The Silent Monetary Revolution
a lengthy transition onto a "secured lending" standard has gifted the Fed more power than ever before, and as of recent events, there's no turning back
The most significant shift in global finance has been playing out behind the scenes: The power to price trillions of dollars in financial assets, once held by bankers, is almost in the hands of the Federal Reserve. Now, its powers are set to increase.
A lengthy attempt to eradicate risk from the global financial system, by both monetary authorities and major financial actors, is approaching its climax. What began as a panic reaction to the 2008 subprime crisis has transformed the way financial entities do business. The GFC (Great Financial Crisis) was a crucial turning point in how banks perceived risk. After decades of working on the flawed assumption that an ecosystem built on stark complexity had grown indestructible, they changed their perspective.

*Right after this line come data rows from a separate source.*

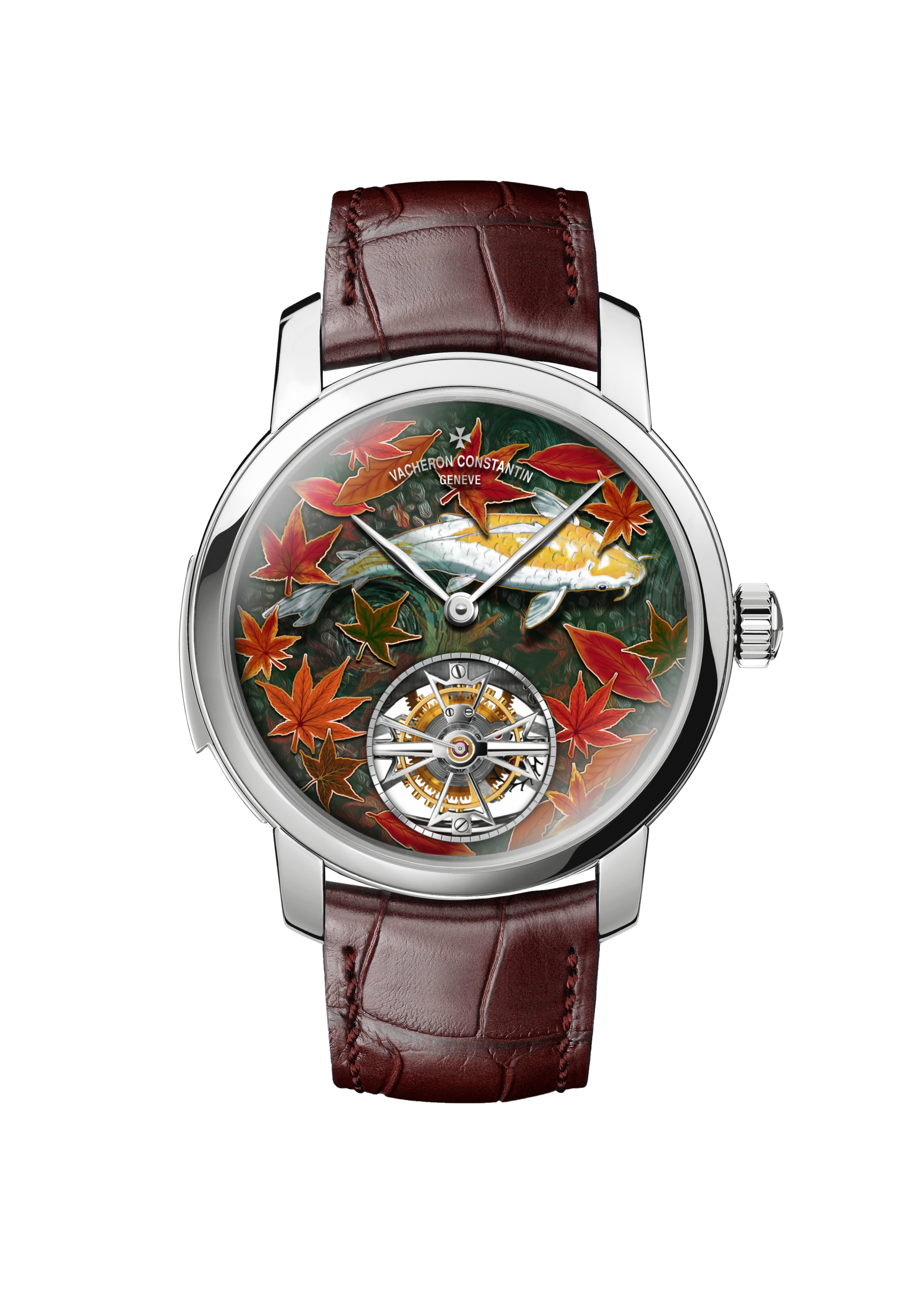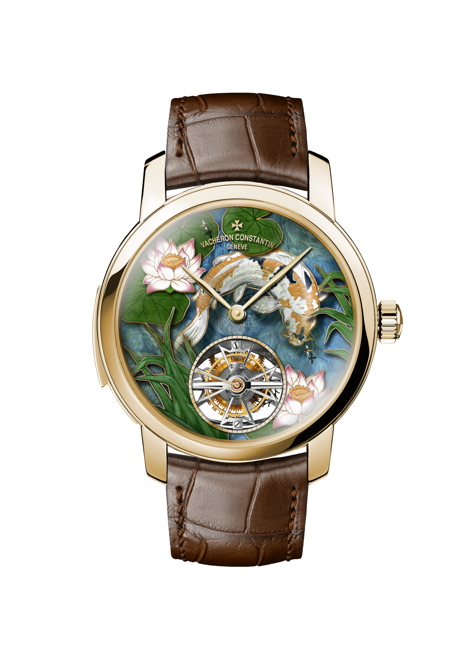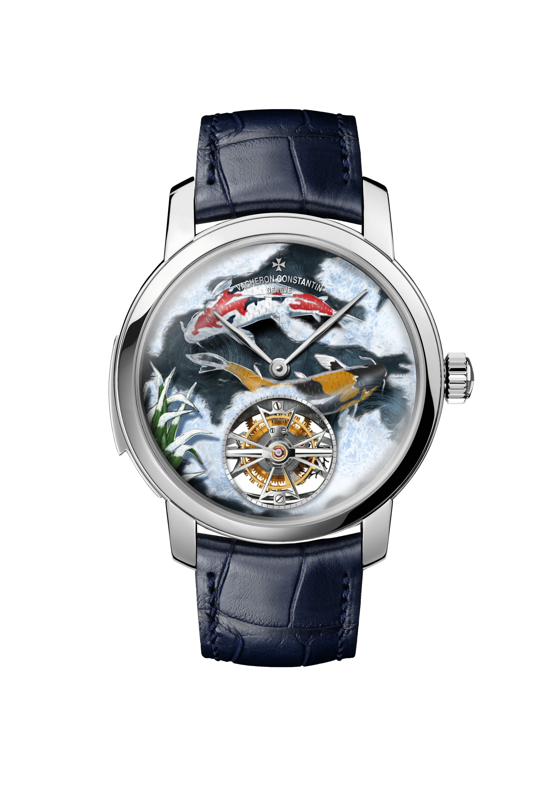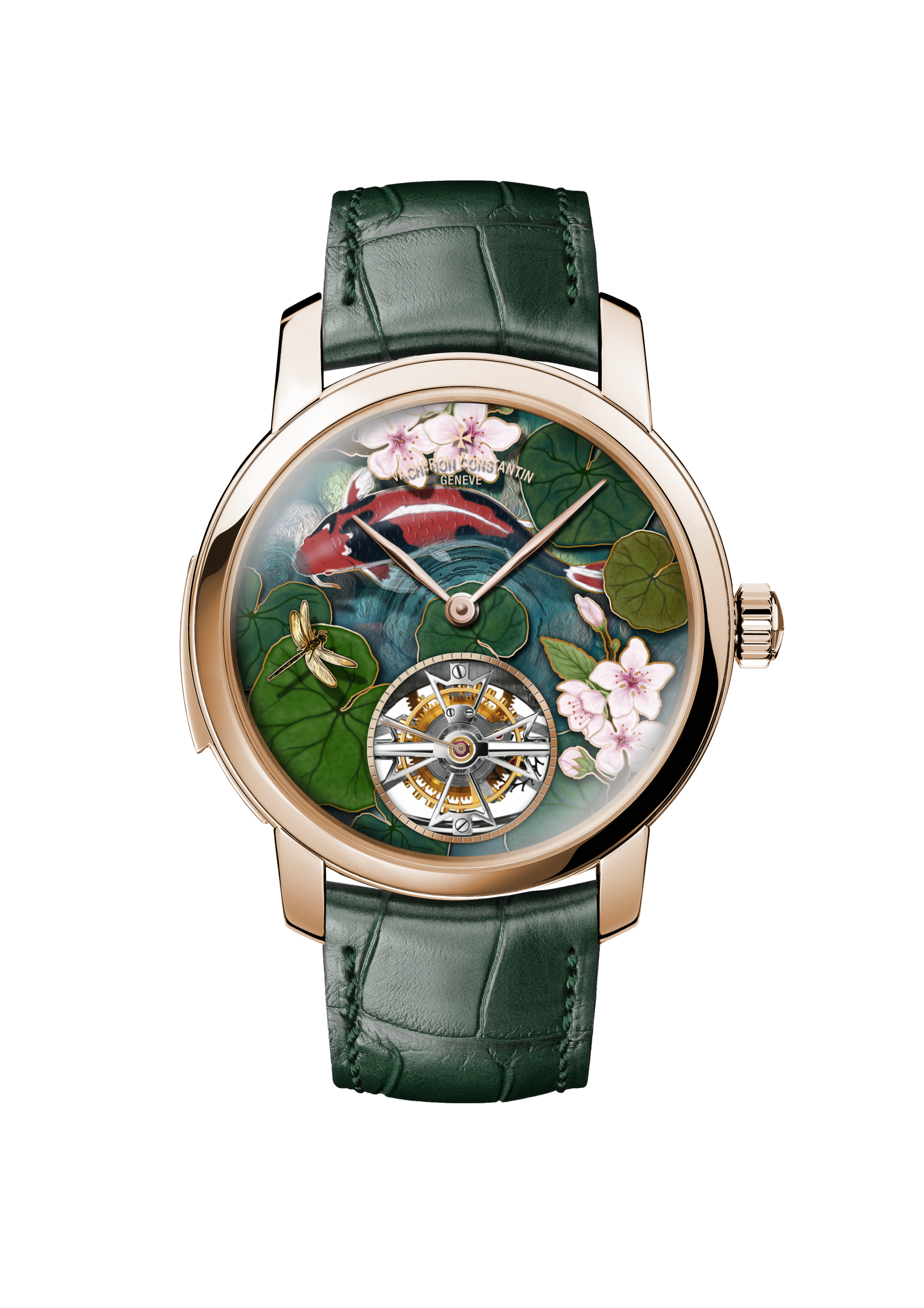 Four different versions of the ‘Four Seasons’ watches appear in this collection, each one both demonstrating Vacheron Constantin’s artistic ability with dials, but also their technical expertise in terms of movement making. The dials of these watches all display carp swimming at different times of the year, the four seasons. Each dial uses champlevé enamelling as the base, with gold used to separate each section of the dial. Fifteen individual firings create the deep and vibrant colours seen on these watches, with a tourbillon fitted with the Maltese cross sitting at 6 O’clock.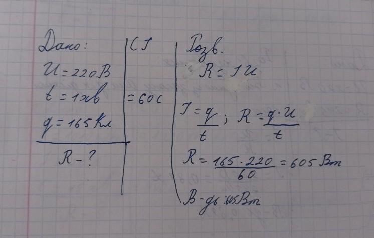 1. Яка потужність електрочайника, якщо при напрузі 220 В за 1 хв через його спіраль проходить 165 Кл електрики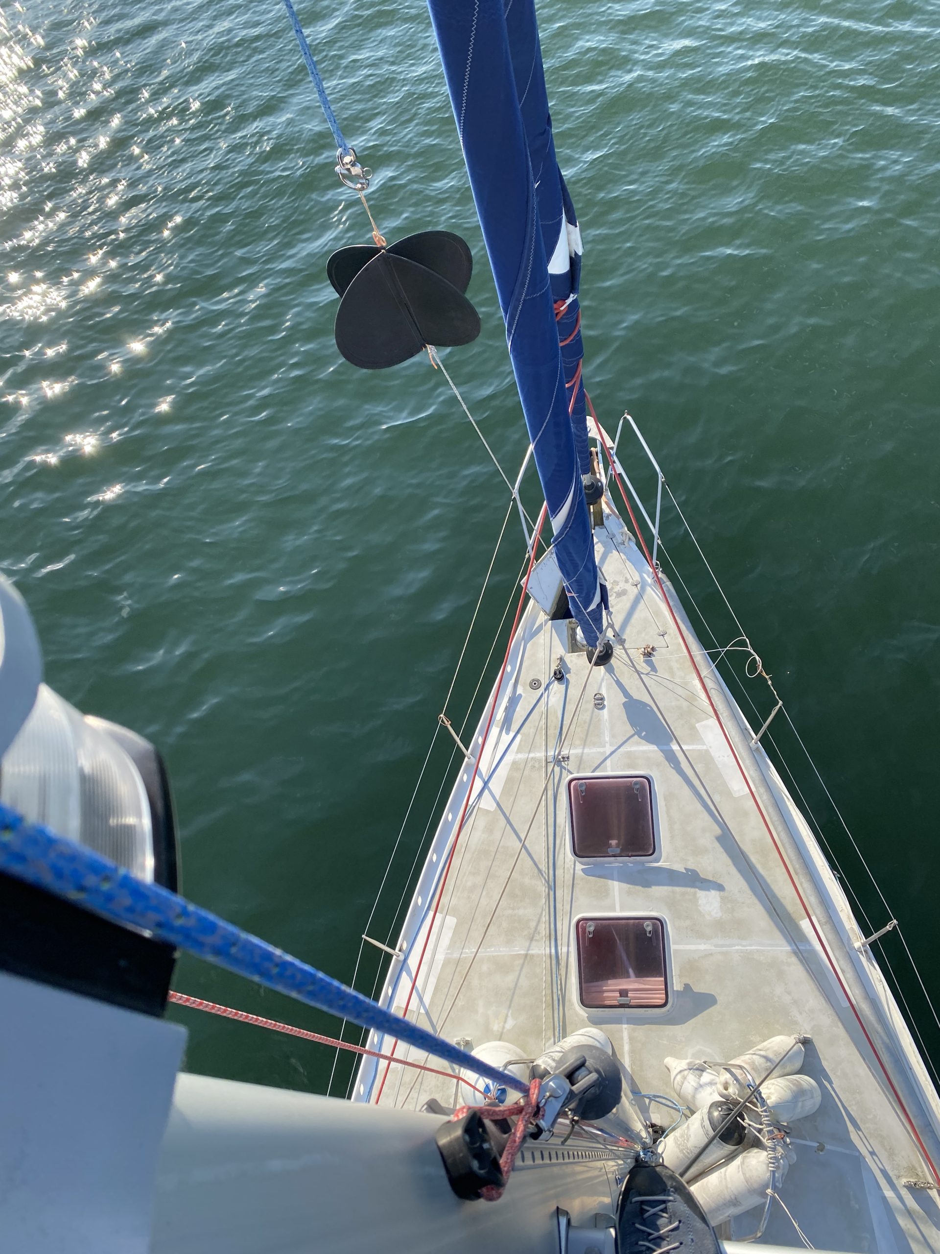 Ich gehe in den Masten um das Großfall, das sich um das Radar gewickelt hat, zu klarieren. Dazu nutzen wir einen Klettergurt, da wir in guten 16m luftiger Höhe doch gerne gesichert sein wollen. Die Höhe bietet immer wieder einen schönen Rundumblick.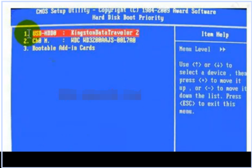 在弹出的对话框里选择USB-HDDxxx,通过+、-号将其移到第1项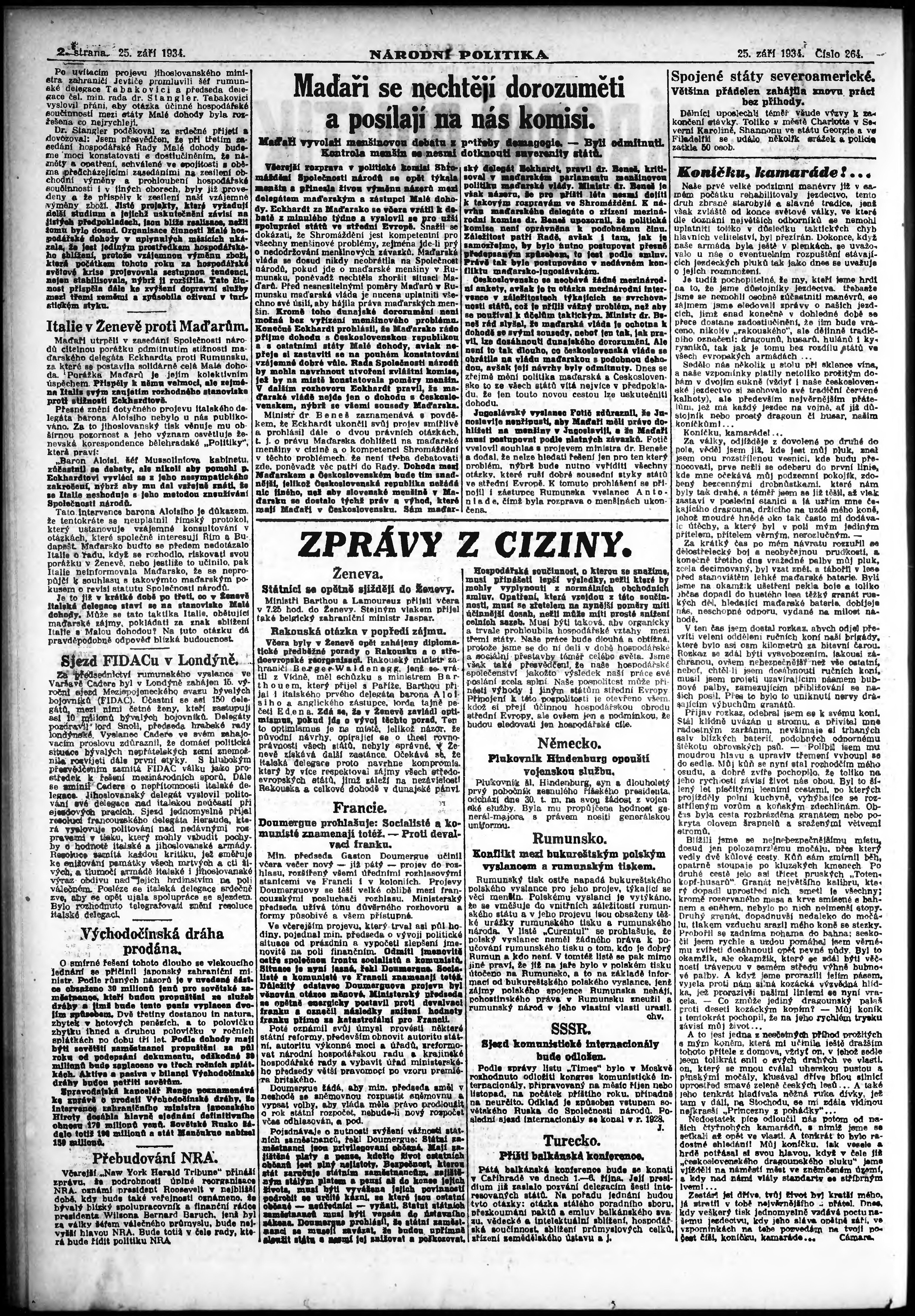* Datum vydání výtisku: 25.9.1934 Číslo výtisku: 264 Poznámky k výtisku: ranní vydání; vydání pro Prahu;

No longer believing in the fiction that lending between banks had become riskless, they saw a system fraught with peril. The major flaw of finance, where protection turns into the very thing that prompts a meltdown, had even threatened the most systemically important benchmark. In August 2007, as the subprime crisis began to unfold, the most critical interest rate globally had detached from its counterparts, the same number used to price well over $300 trillion in financial products: the London Interbank Offered Rate, known as LIBOR.
The rate that the world relied on to price everything, from business loans and securitizations to adjustable-rate mortgages and private student loans, had gone haywire. But this shouldn’t have come as a surprise. It’s just that everyone had dismissed LIBOR’s dubious origins.
It all began after the U.S. promoted globalization, post-WWII. In the 1950s, London grew into a global financial hub, since U.K. banks had the most freedom to finance prohibited dollar transactions. The Bank of England found out, but penalizing the bankers for mischief meant curbing global commerce.
Under the security pact America signed with almost every other nation, the financial behemoths quickly took advantage. The U.S. banks set up branches not just in the U.K. but worldwide, while non-U.S. banks set up branches in America. Hot money flowed into U.K. banks from other major powers. Among them were America’s main rivals (Russia, China, and many Arab states), who chose to keep their dollars outside America for political reasons, mostly out of fear that their funds could be frozen. As a result, financial alchemy flourished.